The inept Florida Senate Minority leader Lauren Book helped create Florida's silly "Solicitation for Prostitution" registry, in 2019. In a press release, Bimbo Book stated, "This law sends a powerful message to traffickers and pimps: the State of Florida is CLOSED for business," says Senator Book, who worked alongside survivors of human trafficking for the past two years on legislation to curb the industry. “When we curb the demand for the illegal sale and purchase of sex, we also curb the profitability of human trafficking — and take a stand against the enslavement of men, women and children in communities across our state."
But after all tis time, just one unfortunate soul was added to this useless government blacklist, some some guy who tried to get a BJ for $25.
If you want to see a true prostitute registry, go the Florida State Legislature website and look at the list of legislators. See? You didn't need a new list after all!
The difference between a prostitute and a politician is that a prostitute usually only screws one person at a time.
Despite hundreds of arrests in Florida, first-of-its-kind sex buyers database lists 1 person
Soliciting for Prostitution Public Database launched Jan. 2021
By: Kylie McGivernPosted at 6:25 AM, Jan 24, 2022 and last updated 4:51 PM, Jan 25, 2022
HILLSBOROUGH COUNTY, Fla. — A public database, run by the Florida Department of Law Enforcement (FDLE), was meant to thwart human trafficking by posting the names and mugshots of people convicted of paying for sex.
The idea is to go after the demand. Florida ranks third in the nation in the number of calls to the National Human Trafficking Hotline.
The bill’s passage in 2019 was headline-grabbing. The Soliciting for Prostitution Public Database is the first of its kind.
But what some praised as a progressive way to tackle the issue of sex trafficking, others called misguided and even dangerous.
The I-Team found, so far, the reality of the list falls short of its promise.
Since the database launched January 1, 2021, every week, the I-Team checked for any updates to the state list of sex buyers — “johns.”

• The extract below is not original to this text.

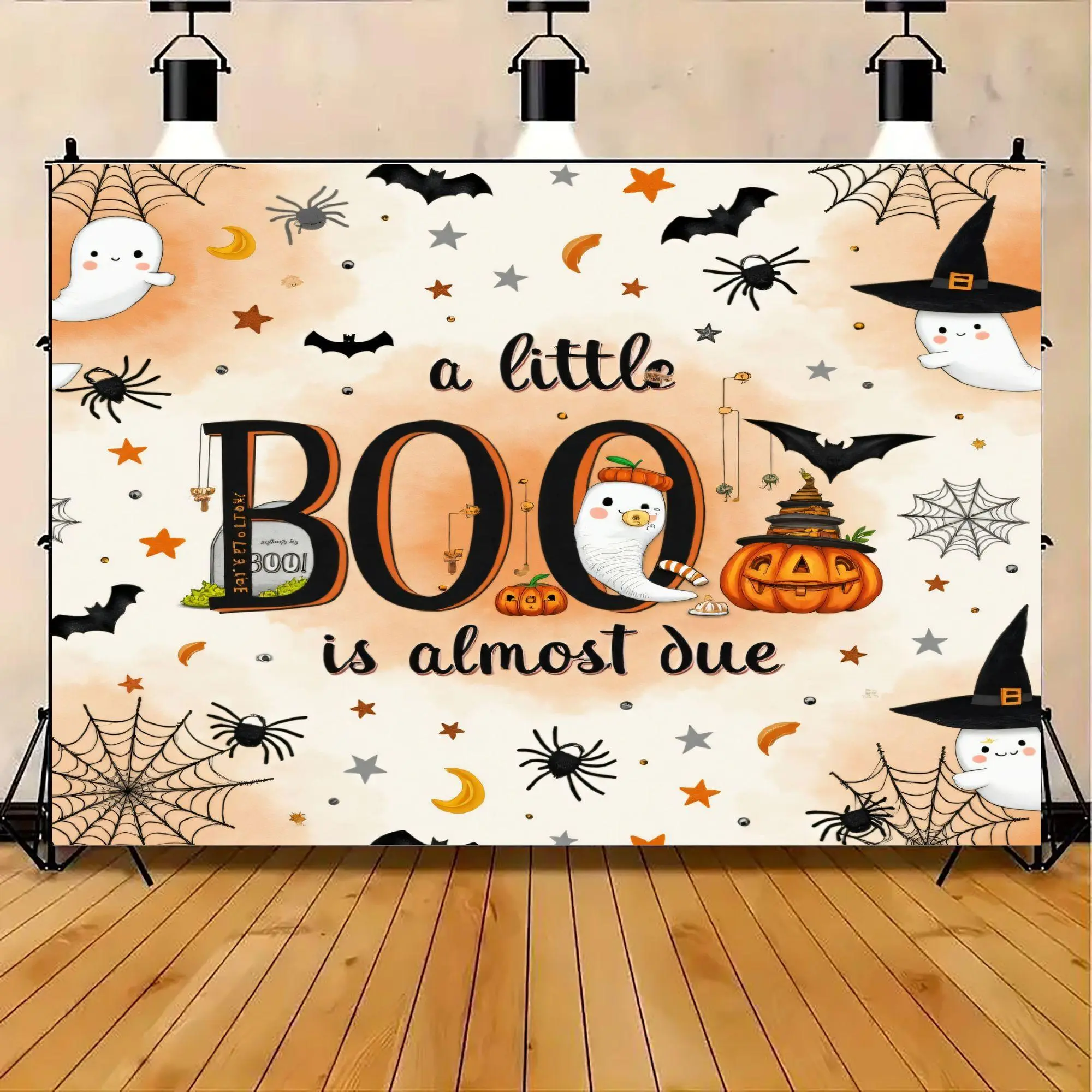 2D Flat, "A Little Boo Is Almost Due" Wall Hanging Tapestry - Footprints &  Decor, Horizontal/Vertical Hanging with Kit, No Installation Needed, Cute Ghosts & Owls Design Room, Christmas Halloween, Tapestries, Tapestry Wall Hanging

Month after month, the database remained empty.
In Hillsborough County, the sheriff’s office arrested 262 people for soliciting for prostitution last year.
Just one of them is on the Soliciting for Prostitution Public Database.
In fact, a year after the database was launched, he is the only one listed for the entire state.
The I-Team brought its finding to State Attorney Andrew Warren.
“The fact that only one person is in the database just shows that this concept doesn’t actually work when it’s put into practice,” Warren said. “That’s a problem.”
With hundreds of arrests in Hillsborough County, the I-Team asked why more sex buyers have not been convicted of soliciting prostitution.
“About half of those cases go into diversion because they’re first-time offenders, so they’re not subject to the database. About a quarter of those cases end up pleading to a section that’s not captured by the database. It’s another soliciting prostitution law, and then we have about a quarter of those cases still pending.”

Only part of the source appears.